Morgan retained influence at U.S. Steel through his backing of U.S. Steel's
Board Chairman, Judge Gary. Judge Gary did not believe in competition,
preferring what he considered to be fair pricing. Gary argued that "price should
always be reasonable. The mere fact that demand is less than supply does not
justify lowering prices. What we want is stability - the avoidance of violent
fluctuations" (I.M. Tarbell, The Life of Elbert H. Gary (New York: Appleton, 1925)
p. 206).
Judge Gary was able, through his efforts to bring stability to his industry,
to maintain price discipline in the steel industry. For example, from May 1901 to
April 1916, the price of steel rails was set at $28 per ton, despite wild fluctuations
in business conditions. Judge Gary was able to accomplish this through collusive
business practices that were well known inside and outside of the industry. For
example, Judge Gary began holding weekly dinners during the recession of
1907. Guests at the dinners were other steel company executives. Steel prices
remained fixed during the recession. The dinners came to an abrupt halt when
the government filed its antitrust suit in 1909 (prior to passage of the Clayton
Act).
U.S. Steel was thus born as a monopoly, resorted to anti-competitive
practices to maintain collusive prices, and retained a commanding share of the
steel market. In its 4-3 ruling, the Supreme Court chose to ignore the monopoly
practices of the company and focus on the size issue. The court held that size
alone was not a compelling criterion in antitrust. Since the courts ignored the
restraint of trade practices, U.S. Steel was acquitted.
The U.S. Steel case threw antitrust prosecution into disarray. The
government dropped many cases and antitrust enforcement seemed to be
gutted. It will be recalled that the Standard Oil case had established the "Rule of
Reason." The U.S. Steel case ruled that size alone was not unreasonable and
U.S. Steel's business practices were declared reasonable. With U.S. Steel's
notorious reputation for price fixing, it was hard to imagine any company ever
being found "unreasonable." A wave of mergers followed the U.S. Steel case,
just as a wave of mergers had followed the E.C. Knight case. This was the
second great wave of mergers in American economic history.

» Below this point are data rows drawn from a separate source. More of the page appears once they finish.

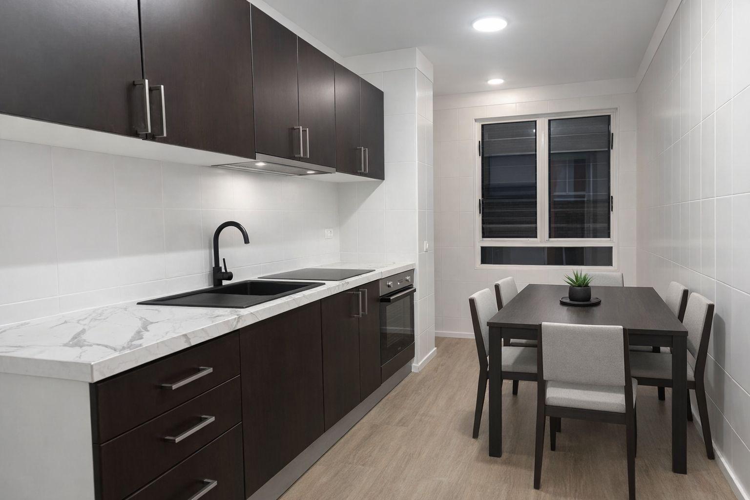 The kitchen will be equipped with a hob, oven and extractor fan, offering a functional and contemporary space ideal for everyday life. It also includes a separate laundry area, a practical solution that adds organization and convenience to the daily routine.
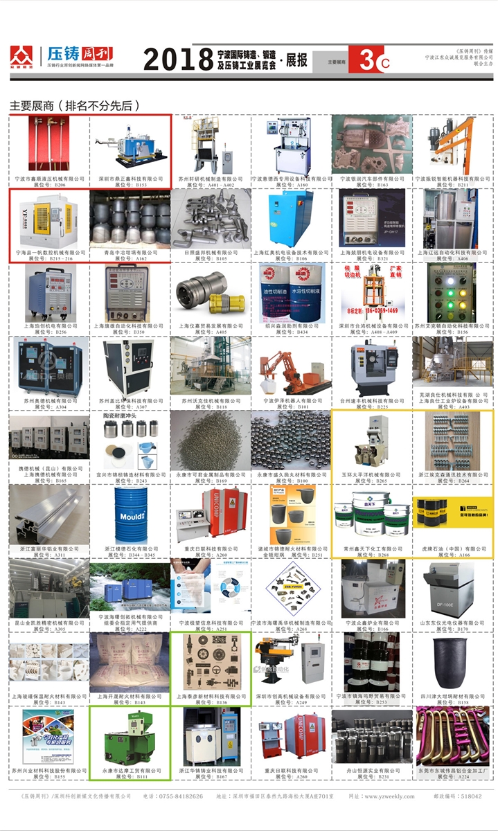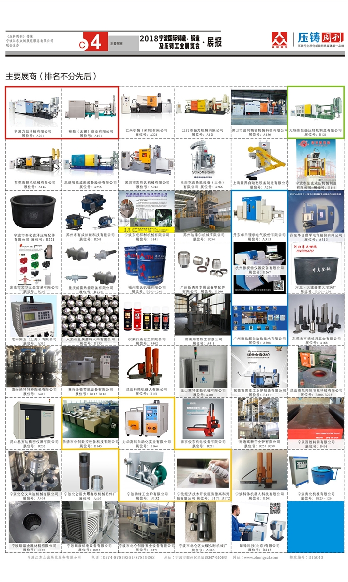 《2018寧波國際鑄造、鍛造及壓鑄工業(yè)展覽會•展報》,由展會主辦方寧波眾誠展覽、《壓鑄周刊》傳媒聯(lián)合推出,展報分四版,第一版內(nèi)容為“2017年中國壓鑄行業(yè)十大新聞“”,第二版為“2018年首季度壓鑄行業(yè)重大新聞”,第三、第四版為展商信息,既可以了解當下最新壓鑄新聞資訊,又能查詢此次展會的參展商信息,具有很高的可讀性,歡迎現(xiàn)場取閱。
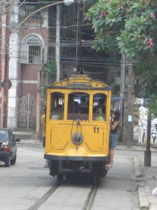 No dia seguinte, fomos ao aconchegante bairro de Santa Teresa. Caminhamos até o Centro do Rio e pegamos o bondinho até o bairro (na época estava funcionando). Subimos e seguimos dependurados, quanta adrenalina, o bonde andava a uma boa velocidade e quando cruzava com outro parecia que íamos esbarrar, além disso tínhamos que descer com ele andando!
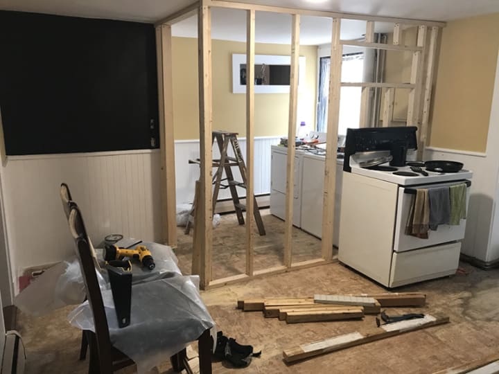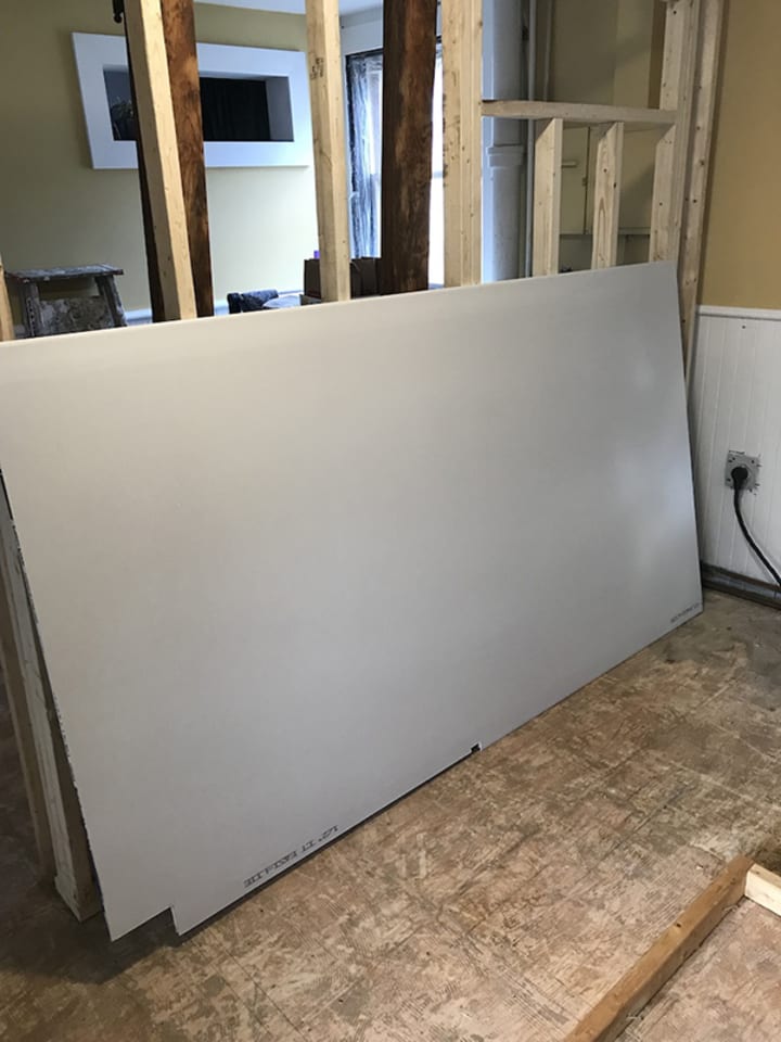 The drywall was fun. Two full sheets that I cut to size on my dining room table. There is a video going around on social media. Kind of a where there's a will there's a way video. Of a man taking a full-sized refrigerator off the back of a pickup truck and onto a small dolly, by himself. He manoeuvred that thing expertly and when it would have come crashing down onto anyone else, he got it softly into the dolly without straining himself. This is how I felt with these sheets of drywall. Getting them onto the table and then off the table through a doorway and standing them up in a room that is 2 inches taller on one side than the other, was no easy feet and when I had the both in place I did let out the loudest holler and hoot and did my seriously happy pants dance all around the kitchen, singing, “I built a fucking wall, I am amazing...!!”

The U.S. Steel case needs to be put in historical context. Many observers
have argued that the court was doing little more than looking for a reason to
acquit U.S. Steel despite its practices. In view of other developments at the time,
this may not be too far from the mark. Many government officials, especially in
the Progressive Era, actually thought that government regulations and antitrust
laws ought to be used to promote rather than restrict cooperative market power
and collusion. For example, the U.S. government encouraged firms to cooperate
during World War I and the belief that cooperation was better than competition
persisted into the interwar period. In 1933, President Roosevelt called upon
many of these same government planners to impose industry cooperation.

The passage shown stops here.